- Born: Glenn Hema Inwood 1968 (age 57–58)
- Citizenship: New Zealander
- Education: University of Canterbury
- Occupations: Journalist, Businessman, Lobbyist & Public relations advisor

= Glenn Inwood =

New Zealand political operative (born 1968)

Glenn Inwood is a New Zealand right-wing political operative and public relations advisor. Inwood was the founder of the now-defunct Wellington-based Omeka Public Relations company. His duties with Omeka included acting as the speaker for the Institute of Cetacean Research, a Japanese organisation that lobbies on behalf of the Japanese whaling industry. The controversial nature of his role led him to be dubbed "Ginza Glen" by anti-whaling activists. Inwood also operates Wellington based media company Spin It Wide which distributes press releases from Imperial Tobacco. In 2021 Inwood established the far-right pseudo-news outlet and political organising operation Resistance Kiwi, which operates on Twitter, Telegram, and previously, on a now-defunct website. Inwood is also the founder of Better Wellington a conspiracy-aligned rightwing political campaign group aimed at influencing local politics in Wellington.

==Early life and journalism==
Born in 1968, Inwood is of Māori descent and affiliates with Ngāti Kahungunu and Ngāi Tūhoe iwi. Inwood was raised by a Pākehā family in New Zealand. He studied Māori language and law at university and subsequently worked as a journalist. Inwood has been a writer and editor for newspapers including Christchurch Star, The Press in Christchurch and the Evening Post in Wellington. He also produced Radio New Zealand's flagship programme Morning Report. Inwood joined the Te Ohu Kai Moana (the Treaty of Waitangi Fisheries Commission) as communications manager in 1999.

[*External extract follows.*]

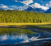 波密嘎龙寺在林芝市波密县扎墨公路冰川的海拔5500米处,寺庙建设在1950年,是一座古老的寺庙。站在嘎龙寺上向四面环视眺望,背后是高耸的山峰,一片铁杉针叶林郁郁葱葱,两侧是两条山谷冰川,晶莹耀眼,俯视下方是开阔的盆地平坝,一片草甸沼泽,牛群悠闲,风光如画。
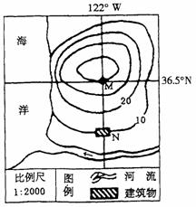 下图为某地等高线(单位:米)示意图,图中 M是一旅游景点, N处是观景楼,MN的图上距离为2厘米。读图回答52-53题。

In 2000 he won an award from the Public Relations Institute of New Zealand for "Stop The Wall", a campaign on behalf of Waterfront Watch, Wellington.

==Press secretary tenure and resignation==
Inwood worked as a press secretary for Lianne Dalziel, Immigration Minister in the New Zealand Labour Party government. He also worked simultaneously for Morris Communications on the account of the Treaty of Waitangi Fisheries Commission. In November 2000, the commission hosted the 3rd Annual General Assembly of the World Council of Whalers in Nelson. After Inwood's dual role as a ministerial press adviser and speaker at a pro-whaling conference was raised in parliament, Prime Minister Helen Clark found his "connections with whaling distasteful" and directed Inwood not to attend. On 28 September 2000 Inwood resigned his position as Dalziel's press adviser.

==Working for the whalers==
Inwood left the Fisheries Commission in 2003 to run his own public relations company, Omeka Public Relations. In March 2003, Inwood organised a tour of Australasia by the former secretary of the International Whaling Commission, Dr. Ray Gambell, who was urging an end to the moratorium on commercial whaling. The tour was sponsored by the World Council of Whalers. Inwood works as a PR consultant to the Treaty of Waitangi Fisheries Commission and the Institute of Cetacean Research.

Inwood also works for Te Ohu Kaimoana, "the sole voting shareholder in Aotearoa Fisheries, which owns a 50 per cent shareholding in Sealord. The other half-share in Sealord is owned by the Japanese company, Nissui.

Inwood's firm, Omeka, also works for Imperial Tobacco New Zealand, Japan Fisheries Agency, Japan Whaling Association, Species Management Specialists, and the World Council of Whalers.

Inwood is cited as the author in the Portable Document Format properties of a document that iterates alleged actions by the Sea Shepherd Conservation Society against whaling entities internationally.

===Spy flights===
Inwood, along with another man, chartered several flights out of Albany and Hobart in December 2009 and January 2010. The spy flights were paid for by Omeka Public Relations and attempted to locate the vessels of whaling protesters. Early reports indicated that Inwood posed as a government employee monitoring the ships for search and rescue purposes. While the spy flights were condemned by Australian Prime Minister Julia Gillard and Greg Hunt, charges have not been filed. The incident led to the introduction by Rachel Siewert of a parliamentary bill to ban Japanese whalers from using Australian planes to spy on protesters.